Recommendations for Executive Action: 

To help improve VA's budget formulation of its medical programs budget 
and facilitate congressional oversight, we recommend that the Secretary 
of Veterans Affairs take three actions: 

* Explain the relationship between implementation of proposed policy 
changes and the expected timing of when cost savings would be achieved. 

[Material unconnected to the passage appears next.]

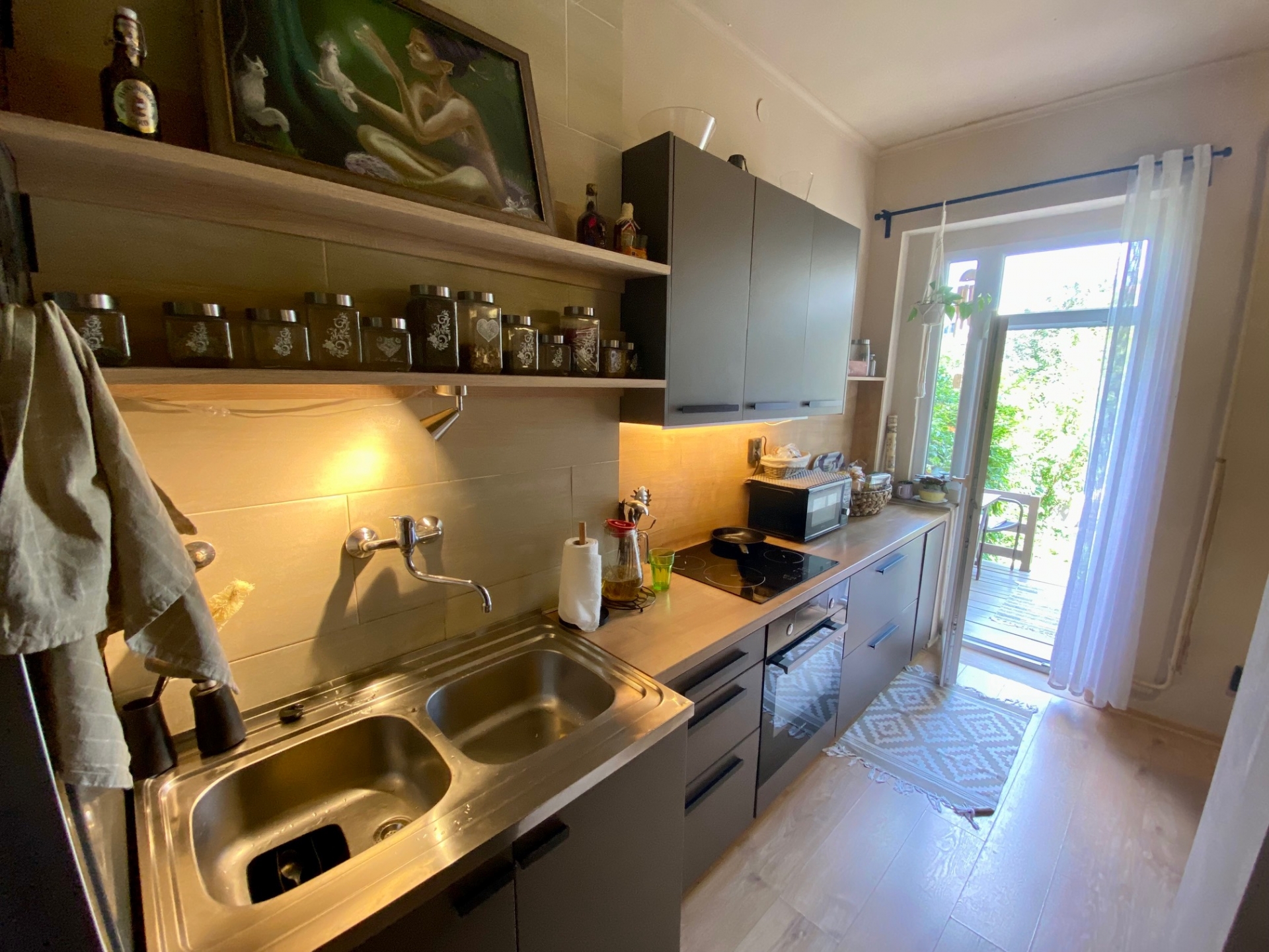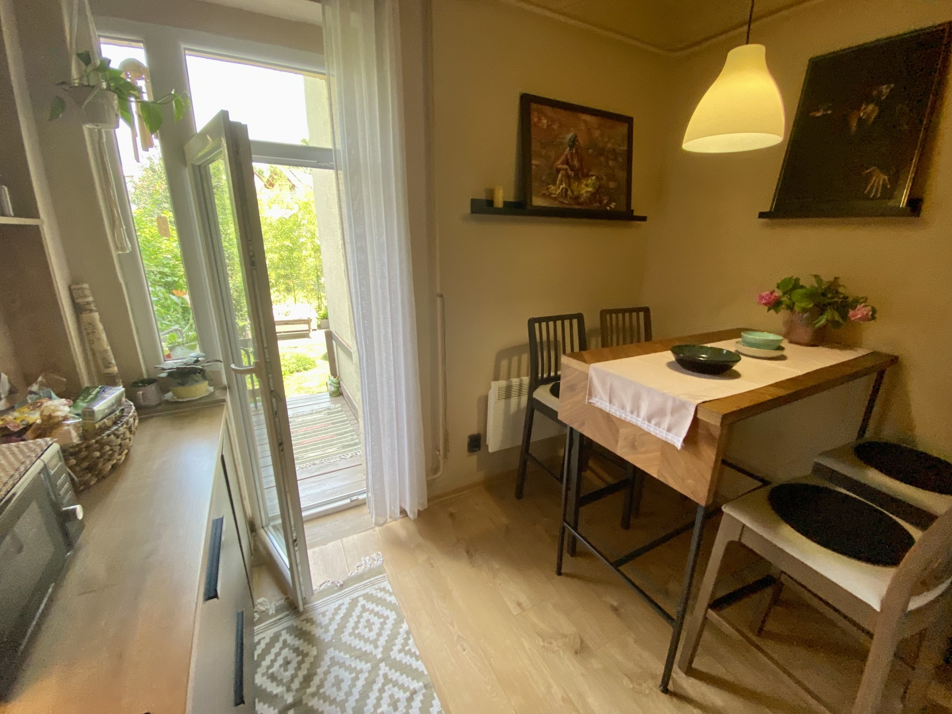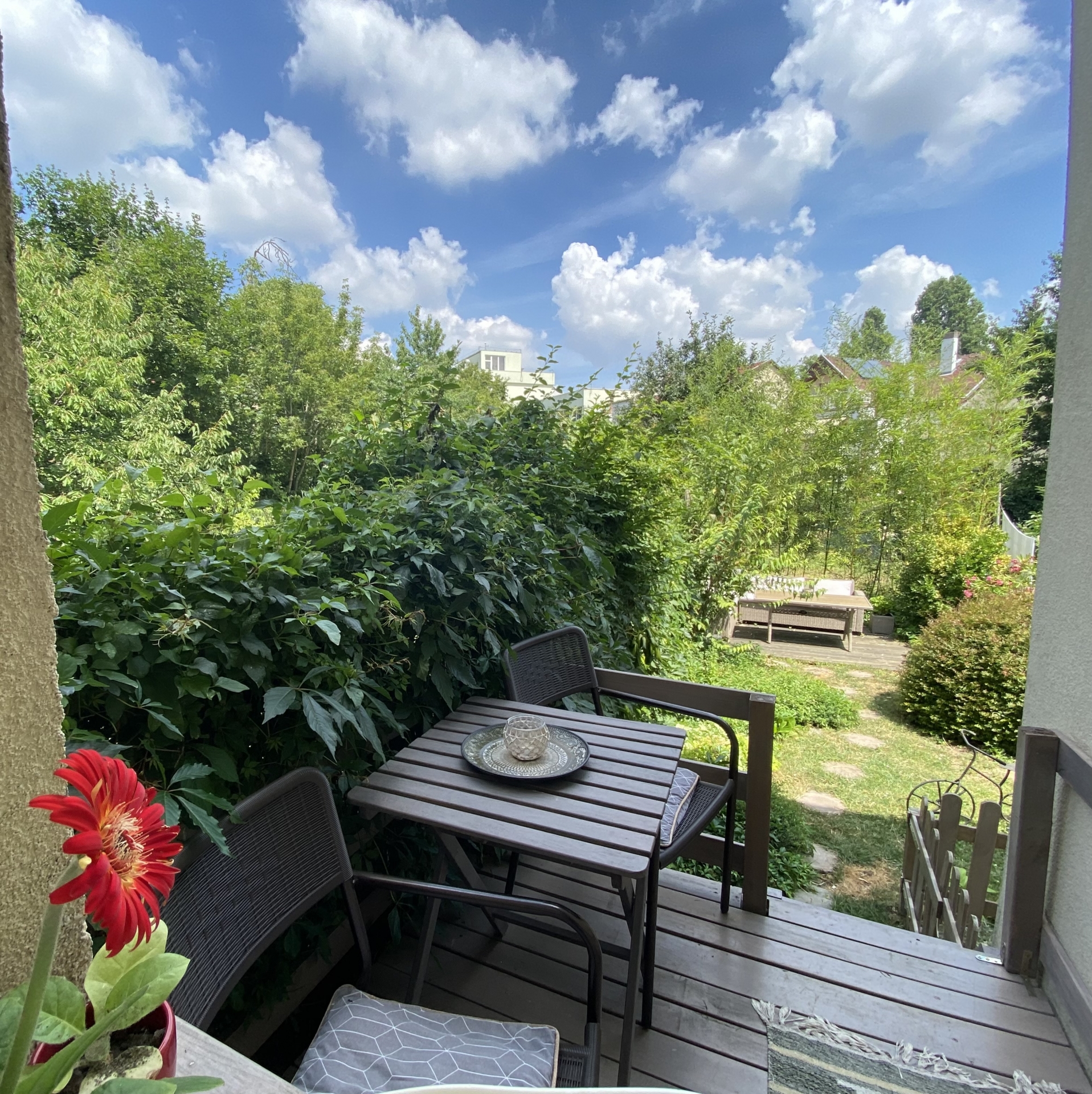 A lakás bejárata zárt lépcsőházból nyílik és a lakásból tehát közvetlen és saját kertkapcsolat lett kialakítva, a jelenlegi étkezős konyhából közvetlenül egy nagyon hangulatos kis saját teraszra léphetünk ki, amelyről pár lépcsővel közvetlenül a saját, elkerített kertrészünkbe sétálhatunk ki.

* Improve its internal controls to provide stronger assurance that 
calculations used to formulate policy projections in the President's 
budget submissions are accurate. 

* Incorporate into VA's reporting to Congress (1) measures of patient 
workload, in addition to unique patients, that would capture the 
costliness of patient care; and (2) a measure of waiting times to 
schedule veterans' first primary care appointment for new patients. 

Agency Comments: 

We received comments on a draft of this report from VA (reproduced in 
app. II). In commenting on the draft, VA stated that it substantially 
agreed with our findings and conclusions and concurred with our 
recommendations. VA also described steps it has taken and plans to take 
to respond to our recommendations, including steps it took in 
developing information for the President's fiscal year 2007 budget 
request and in monitoring the execution of its fiscal year 2006 
resources. 

We are sending copies of this report to the Secretary of Veterans 
Affairs and the Director of the Office of Management and Budget, 
appropriate congressional committees, and other interested parties. We 
will also make copies available to others upon request. In addition, 
this report will be available at no charge on GAO's Web site at 
[hyperlink, http://www.gao.gov]. If you or your staff have any 
questions about this report, please contact me at (202) 512-7101 or at 
ekstrandl@gao.gov. Contact points for our Offices of Congressional 
Relations and Public Affairs may be found on the last page of this 
report. GAO staff who made major contributions to this report are 
listed in appendix III. 

Signed by: 

Laurie E. Ekstrand: 
Director, Health Care: 

[End of section] 

Appendix I: Objectives, Scope, and Methodology: 

For fiscal years 2005 and 2006, we examined: (1) how the President's 
budget requests for the Department of Veterans Affairs (VA) medical 
programs were formulated, (2) how VA monitored and reported to Congress 
on its budget execution, and (3) which key factors in the budget 
formulation process contributed to the requests for additional funding. 
Our review of how VA monitored its fiscal year 2006 budget includes the 
first 11 months of the fiscal year because the fiscal year was not over 
when we completed our work. 

For each of our reporting objectives, we interviewed senior officials 
in VA and the Office of Management and Budget (OMB) to determine how 
the President's budget request for VA medical programs for fiscal years 
2005 and 2006 was formulated, and how VA monitored and reported on its 
budget execution. We interviewed VA officials in Washington, D.C. from 
three primary offices responsible for budget issues related to VA's 
medical programs: (1) VA's Office of the Deputy Assistant Secretary for 
Budget, (2) Veterans Health Administration's (VHA) Office of the Chief 
Financial Officer, and (3) VHA's Office of the Assistant Deputy Under 
Secretary for Health for Policy and Planning. We also interviewed 
senior officials from OMB responsible for VA budget issues to obtain 
their perspective on the President's budget request for VA's medical 
programs and the subsequent requests for additional funding for fiscal 
years 2005 and 2006. 

For the purposes of our analysis, the President's budget request for VA 
medical programs primarily concerned four appropriation accounts: (1) 
medical services, for direct patient care; (2) medical administration, 
for administrative oversight and all information technology; (3) 
medical facilities, for the maintenance and operation of hospitals and 
other structures; and (4) medical research. VA funded nonrecurring 
maintenance, for items such as roof repair, through the appropriations 
for VA medical programs, and funds for these activities are included in 
our analysis. However, we did not include more general construction 
funding--i.e., for major construction and minor construction--in our 
analysis, as these funds are provided in separate appropriations. 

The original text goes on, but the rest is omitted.